Methods and analysis: The studies assessing the utilization of mHealth in managing patients with diabetes mellitus in Africa were considered based on the PICO method: Population, Intervention, Comparator, and Outcomes. MEDLINE, PubMed, SCOPUS, and the Pan African Clinical Trials Registry were searched. Two authors, independent of each other, screened titles and abstracts retrieved using the search strategy, retrieved the full-text articles, and assessed them for eligibility, extracting data after that. A third independent reviewer was brought in to resolve disagreements between the two authors by discussion. The revised Cochrane Collaboration Risk of Bias Tool was used to assess the quality of included studies. A narrative synthesis of extracted data was done due to the paucity of eligible studies, and the results were summarized in a meta-analysis.
Results: None of the six included studies measured the mean FPG or percentage changes as primary outcomes. Five measured the percentage change in HbA1c from baseline to the end of the study. The percentage change in HbA1c from the baseline ranged from 3.6% to 20.53%, achieving significance in three studies. In the meta-analysis the overall WMD (95% CI) was 0.992 (0.48, 1.50). This, in combination with a high z score of 3.822, p <0.001 suggests a statistically significant overall effect that is not likely due to chance. However, a considerable heterogeneity (I2 = 63.9%, p = 0.026) was present implying that the observed effect may not be generalizable to all the studies due to differences in study characteristics in this case most likely sample size and duration of study.

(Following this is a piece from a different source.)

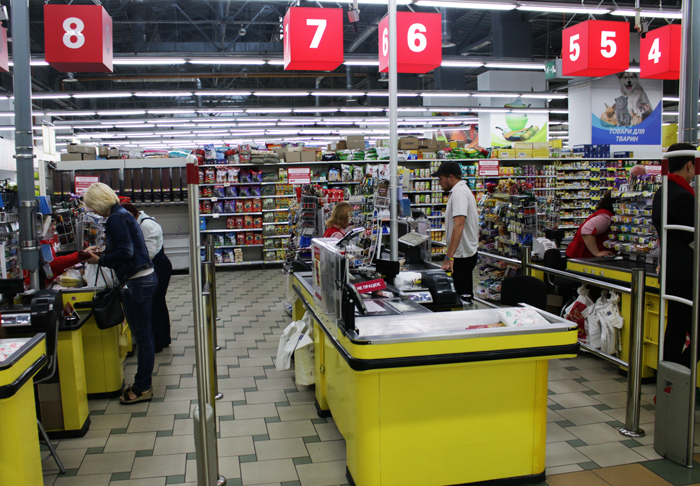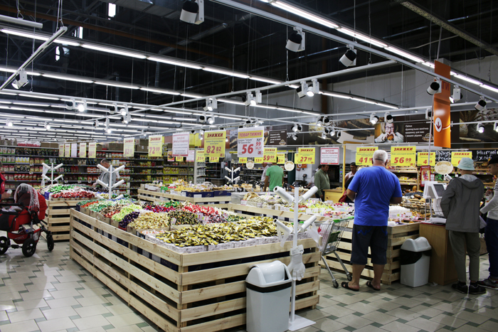 Осматриваемся и с удовлетворением отмечаем хорошую навигацию: названия товарных групп написаны большими буквами, видны практически из любой точки торгового зала. Цены также указаны ярко и заметно, что удобно для людей, оставивших дома свои очки.
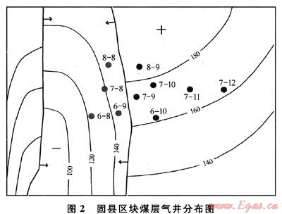 沁水煤層氣田固縣區(qū)塊投產10口煤層氣井(圖2),煤層埋深、厚度、頂底板巖性、煤質等參數基本相同,但排采效果差別大。6口高產井平均產氣量4115m3,產水量極小。4口未產氣井,產水量很大,累計產水1800~2800m3。其原因是10口井位于兩個不同的地質單元,成藏條件不同;斷裂鼻狀構造和斷裂背斜構造軸部氣富水貧,斷槽內氣貧水富:固6-10、7-9、7-10、7-11、7-12、8-9井6口高產氣井位于斷鼻和斷裂背斜軸部,煤層分布穩(wěn)定,頂底板封蓋條件好,含氣量高;而固6-8、6-9、7-8、8-8井4口未產氣井都位于兩條斷層夾持的斷槽向斜內。由于小斷層發(fā)育,煤層連續(xù)性遭到破壞,含氣量降低,被稱為水槽,單井日產水幾十立方米。

None of the studies addressed the secondary outcomes of measuring the direct relationships between these mHealth interventions and the prevention or early detection of diabetes complications.
Conclusion: Overall, there was a statistically significant reduction in HbA1c levels among individuals living with type 2 diabetes in Africa following mHealth interventions. Few studies were included in the meta-analysis with significant heterogeneity. Therefore, we recommend more well-designed randomized controlled trials to investigate the implementation and efficacy of mHealth in the management of diabetes mellitus in Africa.